Friday, February 7, 2014

Lessons We Can All Learn from Suzanne's Rainbow Loom Videos

I know, I know.  You're wondering if I've become as obsessed with the Rainbow Loom as Will has, because this is my third post in a week that mentions it.  But I need to talk about Suzanne one last time today, and once you read this post, I hope you'll understand why.  (If you don't know what I'm talking about, you can catch up here and here.)

Suzanne and I have exchanged several friendly email messages over the past few days, and it has been so nice to talk with her.  Last night she told me that reading my follow-up post made her quite emotional.  She told me about the cruel comments that sometimes get posted below her videos on YouTube, and how they get to her every now and then, not because they hurt her feelings, but because it makes her sad that children think it is okay to say such mean things to other people.  She said she was so glad to have Will's story to think about now whenever she reads an unkind note about her or one of her videos.

I usually avoid reading comments on sites like YouTube, because I've found they can be a minefield of nastiness. But after Suzanne mentioned the mean messages she's received, I felt compelled to take a look at the comments under several of her videos in an effort to understand better what it must feel like to be her.  I found a lot of thank yous and praise for her, which was nice, but interspersed with those words were ones that were incredibly rude and hurtful.

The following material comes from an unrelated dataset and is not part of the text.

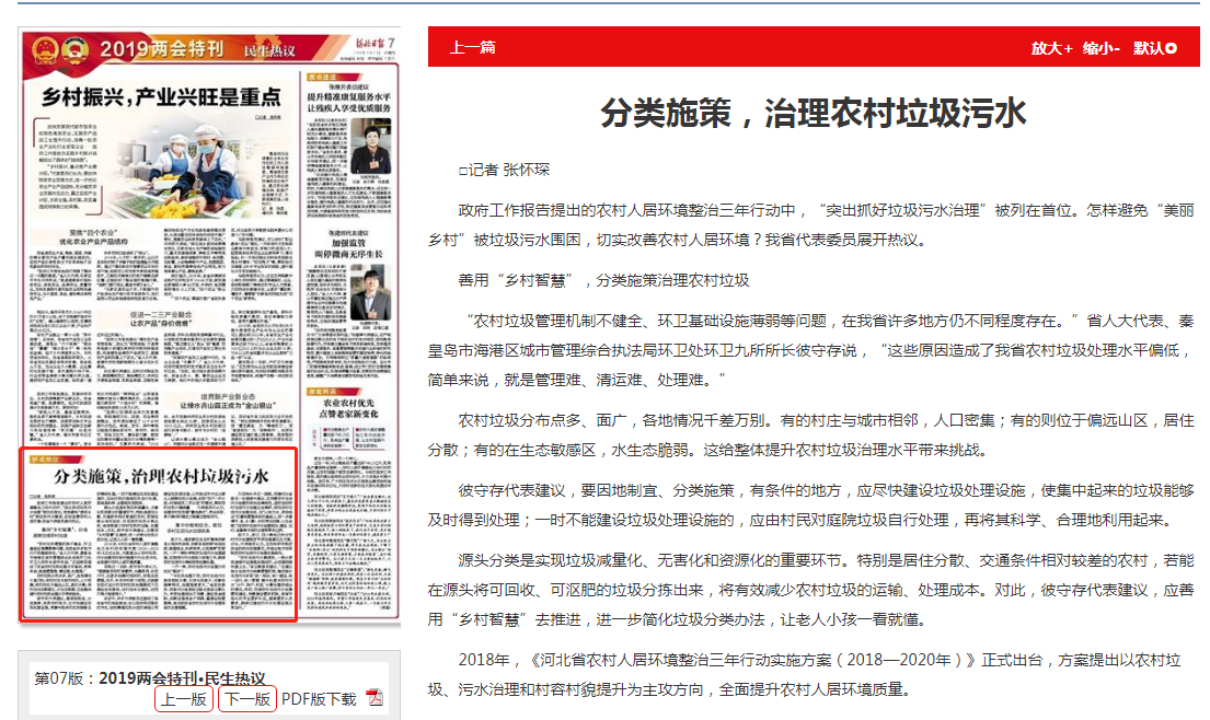 采访中,许多代表委员还提到了其他省市的经验做法,如以政府购买服务的方式,依托精通垃圾分类的保洁公司建设垃圾再生馆,以市场运作方式从源头上破解垃圾分类难;采取“农户一次分类+村保洁员二次分类”的模式,帮助农村垃圾大幅减量……代表委员们认为,治理农村垃圾要“量体裁衣”,符合实际、易于操作的模式才能真正落地可行。

"once I started taking it off the loom it broke your such a lier its so hard i hate you"


"This suck balls"

"what kind of crap is that I hate u! :("

"are you freaking serious, when i took it off it fell apart, i dont care because it was ugly anyway"

"You are sooooooooo bad"

"Thanks for making kids cry"

"Hey old woman u make it to complicated"

"Shave your wrist lady"


I also found a whole litany of swear words that are not fit for repeating here.

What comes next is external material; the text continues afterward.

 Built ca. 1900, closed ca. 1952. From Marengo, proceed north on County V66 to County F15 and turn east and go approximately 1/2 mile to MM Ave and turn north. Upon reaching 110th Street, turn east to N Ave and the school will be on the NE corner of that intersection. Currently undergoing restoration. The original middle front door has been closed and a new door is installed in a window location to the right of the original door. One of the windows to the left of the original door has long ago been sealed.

I am not Suzanne, but reading those comments (and knowing that many of them came from children) made me feel sick and heartbroken.  It seems that so many people in the comments section have forgotten that while Suzanne may seem to be only a voice and a pair of hands on the screen, she is, in fact, a real, whole person with feelings.  Sadly, based on what I've seen in my own online interactions with people, some adults have a hard time remembering that there are human beings somewhere beyond their screens, too.

As parents in an era where social media is everywhere, we have an important responsibility to monitor our kids' online activity, and to set a good example for them by holding ourselves to the same standards of behaviour we wish to see from them.  I often have conversations with my boys about how every word we write online has the power to bring either happiness or hurt to others, because even if we can't physically see it, there is always a real person on the receiving end of our comments. The ages-old teaching of treating others the way you wish to be treated still needs to apply to our human interactions, even when our methods of interaction change.  The notion of being kind to one another should never become obsolete.

What started out as a cute little post about Will's latest project has turned into something much more meaningful for our family over the past week.  I've shared Suzanne's messages with Will and Noah as a reminder of how people feel when they read what others have written about them.  I hope other parents will do the same, and keep a close eye on what kinds of comments their children are leaving on social media sites.  It turns out there are lessons much more valuable than bracelet-making contained on the pages of Suzanne's Rainbow Loom instructional videos.  If we don't teach our kids now about what it means to be human, who will?